Seanad debates

Friday, 23 October 2020

Commission of Investigation (Mother and Baby Homes and certain related Matters) Records, and another Matter, Bill 2020: [Seanad Bill amended by the Dáil] Report and Final Stages

 

10:30 am

Photo of Mary Seery KearneyMary Seery Kearney (Fine Gael) | Oireachtas source

Senator McDowell has stolen all my lines. There are bona fides in the presenting of this Bill, but we can never say anything on it without prefacing our remarks by acknowledging the context, namely, the appalling wounds and trauma and the retraumatising that is happening in the course of this discussion. I believe there was an original intent to see a legal problem, see a deadline and deal with the legal problem in the hope that doing so would release information as opposed to withhold it.
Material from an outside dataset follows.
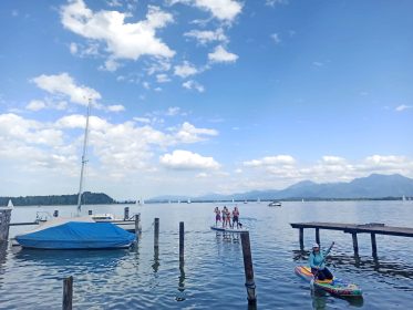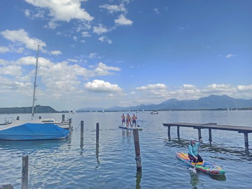 Fast unendlich sind die Freizeit- und Sportmöglichkeiten um, am und auf dem Chiemsee – wie diese aktuellen Bilder vom Pfingstwochenende an der Westküste des “Bayerischen Meeres” in Prien zeigen.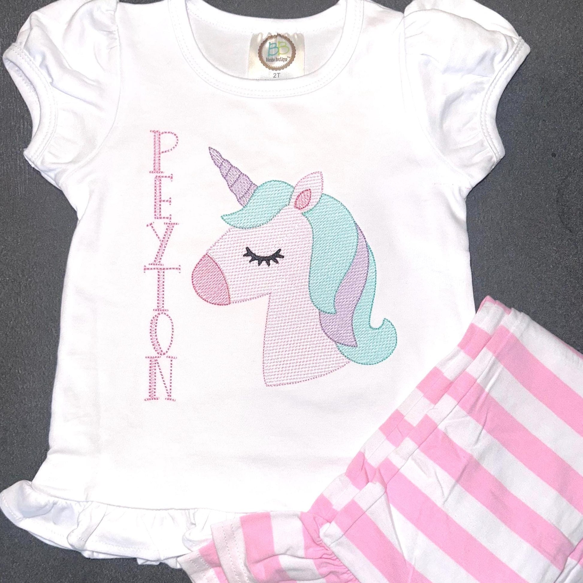 Ruffle Stripe Shorts, Baby Girl Toddler | Summer Shorts, Color Options, Closet Staple, Clothing Sets, Shorts Sets; Large Stripes, Blue, Pink

In the public narrative around that, however, the intent has been changed and, at times wantonly, misrepresented. We need to get back to the basics, in that this Bill is about assisting people in accessing information.
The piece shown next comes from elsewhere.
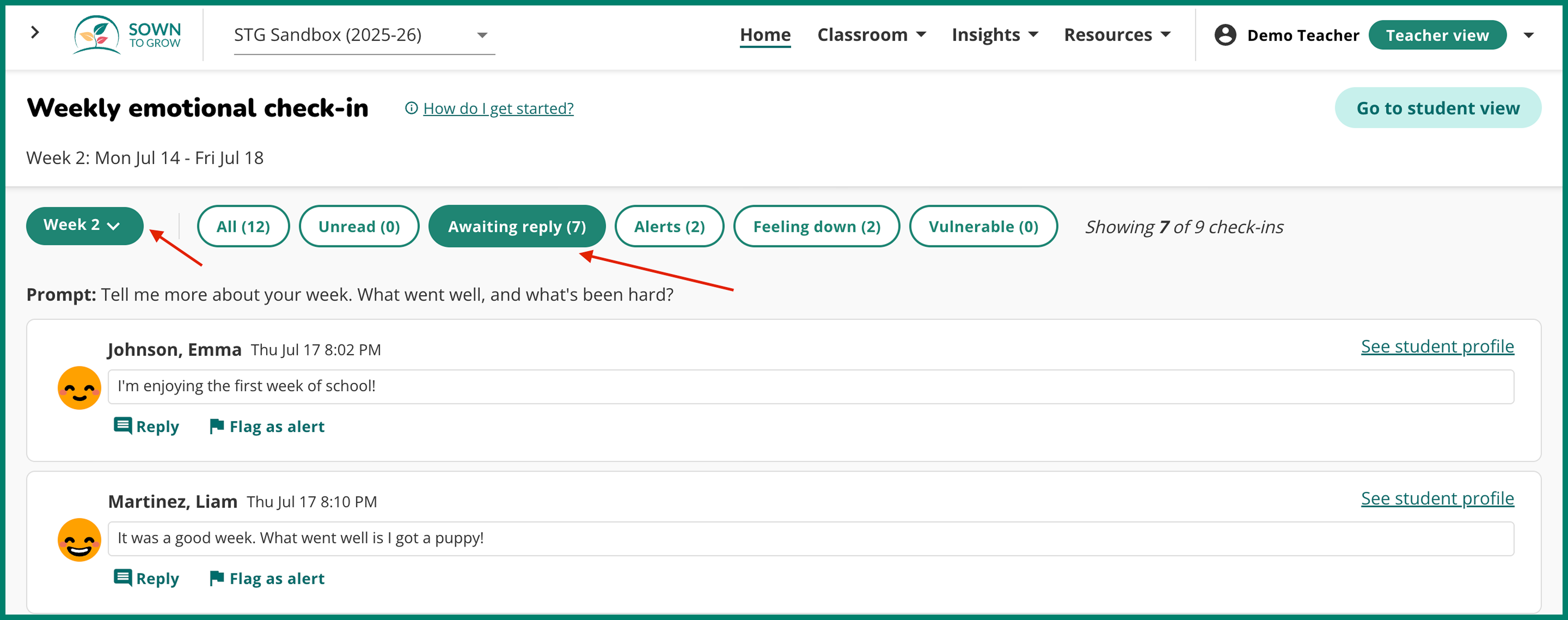 In order to respond to these check-ins, teachers must go to the "Check-Ins" page(s) and then go to the correct week. See the table above to find the check-in type and week number. Once you are in the correct week and check-in page, use the "Awaiting reply" filter to see all student check-ins for that week that have not received a teacher response.

In that regard, I welcome the Minister's amendments and that he has listened to what was without question a worthy debate in this House. I agree with Senator Higgins's view, in that the Minister will now receive these data as a consequence of his amendments. That is welcome. However, it puts him in control. Currently, there is legislation to tell him what he has to do. Regardless of whether we liked it or whether it was intentional, that Act was amended by the GDPR. In transposing the GDPR into Irish law, we made an amendment to the 2004 Act to allow for the competing balancing act between Articles 23 and 15. However, there have been subsequent EU rulings on the entitlement to information. There is a fundamental human right in this regard.
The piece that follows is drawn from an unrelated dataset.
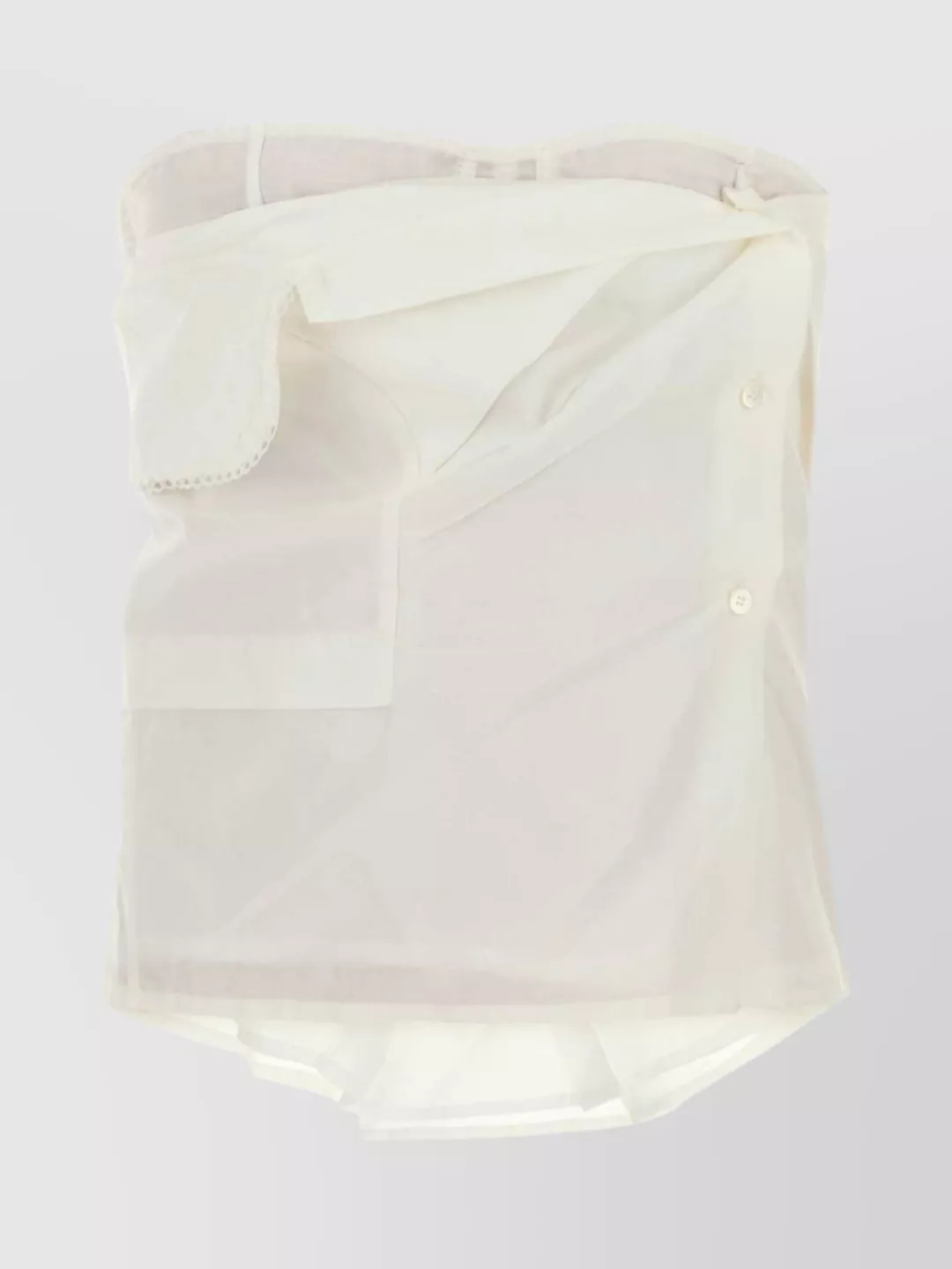 asymmetric strapless top featuring button accents

While I agree with the spirit of Senator Higgins's amendments, the Minister needs to undertake a data protection impact assessment, DPIA, quickly. Ideally, it should be done at the Joint Oireachtas Committee on Children, Disability, Equality and Integration, but it must be done with a view to determining how to set in place a mechanism that takes into account all of the matters we want to address, including the pressing need of people to have their own information and their lawful right to access same, without creating unintended consequences for other commissions, witnesses and situations. We must consider that wider context. Unfortunately, the Government does not have the luxury of addressing one situation and it must consider the ramifications. That process must take place, ideally in the Oireachtas committee or some other specially created forum. We could invite experts and stakeholders and people from all sides of the Oireachtas to ensure that we reach a solution to the issues being presented by people who want contact with their relatives and to know who they are, where they came from and why their lives transpired as they did. They are entitled to that information, and the GDPR provides for that, but we have a balancing to do under Article 23. There are competing rights, but the rights of individuals should trump everything else. Politics is supposed to be the art of the possible. Without politicising it, we can move together and do that in acknowledgement of people's hurt. It is important that we do so quickly.

I echo the Leader's question. Now that the Minister will have the archive, what does he plan to do with it?